I am officially unemployed for the second work day in a row. I had a small meltdown yesterday. That was unexpected.
I thought more people from work would email me to check-in. This morning I got one email from a former co-worker. It was in the style of Where’d you go, Bernadette? (Ever read that book?) I appreciated it.
I ended up applying to four more jobs yesterday. Nothing I’m too excited to do, but I had to do something with my hands and thoughts and that was the most harmless thing I could think of.
Yesterday, I opened a checking account and took a short 15 minute walk outside. That made me feel like I accomplished something and helped to calm me down a bit.
So I tried to talk myself into doing something today. And it worked! I woke up (without an alarm) around 8:45a and realized if I got out of bed I would make it just in time for a Meetup group that was going paddleboarding.
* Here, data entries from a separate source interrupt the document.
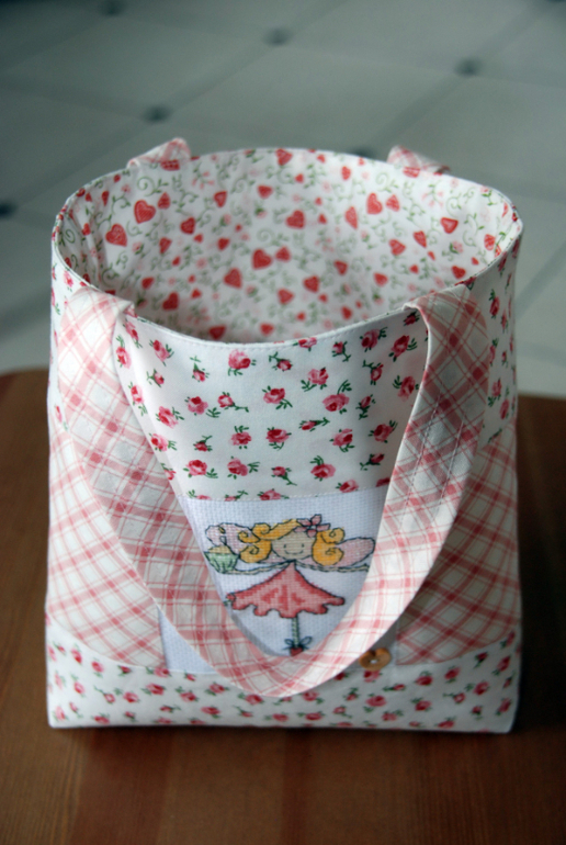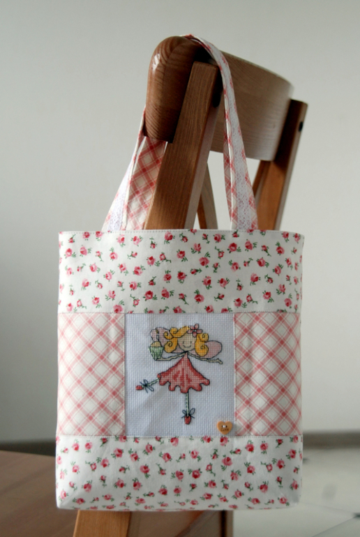 Такая сумочка девичья, уютная, милая и феечка задорная. Ткань использовали красивую, мне очень нравится в мелкий цветочек.
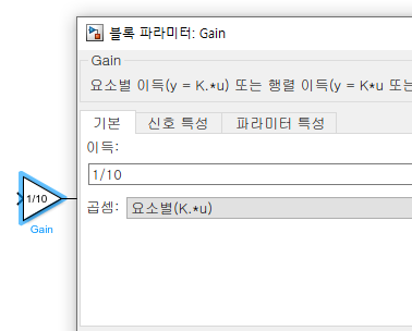gain 블록을 추가하고 블록을 더블클릭하여 이득을 1/10으로 설정한다. 여기서 이득을 1/10으로 설정하는 이유는 오른쪽의 신호를 받아 합치면 \(10 \ddot{x}\)이 되기 때문이다.
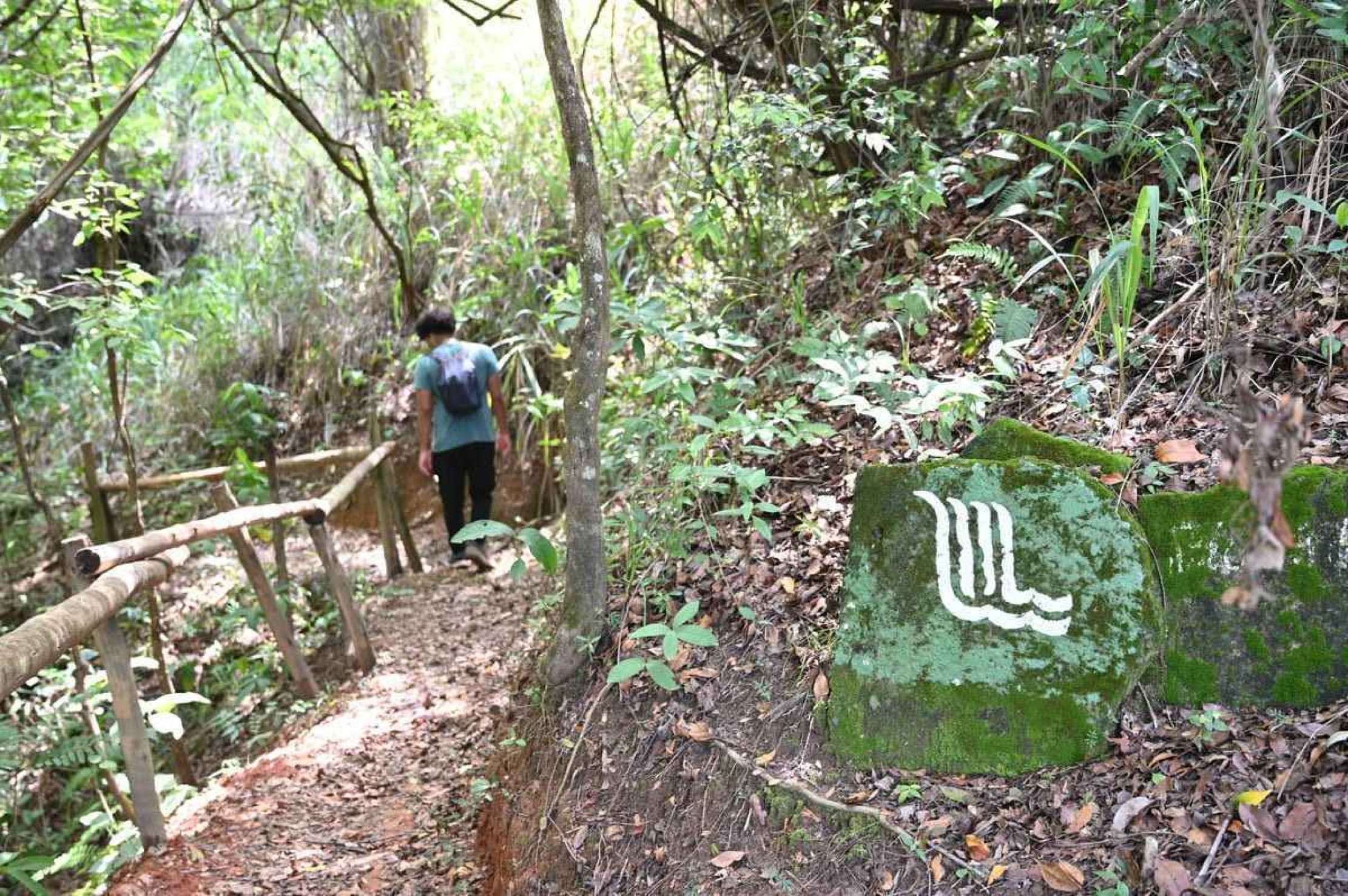 Logo após subir uma pequena escadaria, uma placa indica o início da Trilha da Mata. O trajeto é bem delimitado no chão, mas é preciso tomar bastante atenção pois há trechos com muitas pedras, além de travessias em pontes. Novamente, não é nada muito desafiador em comparação às trilhas do Rola Moça, e há corrimões e parapeitos nos locais mais perigosos.
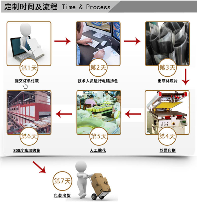3.打樣確認:圖稿、款式、數量、價格、包裝、打樣費、交貨時間確認後,即可進入打樣階段,打樣費支付給我司後,我司安排打樣。通常打樣時間為5-7天,杯款若需開模,時間則為10-15天。(如我司現有器型無需打樣費)
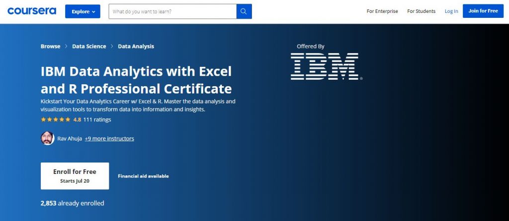 Another professional certificate course on our list and this time it is by IBM will focus on R Programming fundamentals, using Excel Spreadsheet to analyze data, statistical analysis, and many other significant areas. This is one of those programs that makes you job-ready and helps develops necessary skills.

Fortunately for me, I had written the details out last night so there would be no barrier to me leaving the house if the mood hit me. It did!
I went paddleboarding! It was as simple as it looked on TV. You sit (or stand) on this hard plexiglass epoxy board and paddle. That’s it. And then 2 hours passed. I don’t generally understand repetitive sports like these, but it was nice to get out of the house.
I even talked to people! A white-man asked me if I’d ever taken a college class and how much my rent was, so that’s always cool.
My good-for-a-chat friend found out I quit my job. It was so much easier to tell the strangers from Meetup than someone I actually know. Less questions. I don’t know if I really wanted to tell her but it was nice to tell someone. I felt unburdened somehow. But I feel like I have to craft a narrative first to field questions before I tell anymore people…including my family. For you see, this early career break is both something I’ve been planning and something that I did suddenly. I have a plan and enough savings…and I don’t. It’s all very confusing.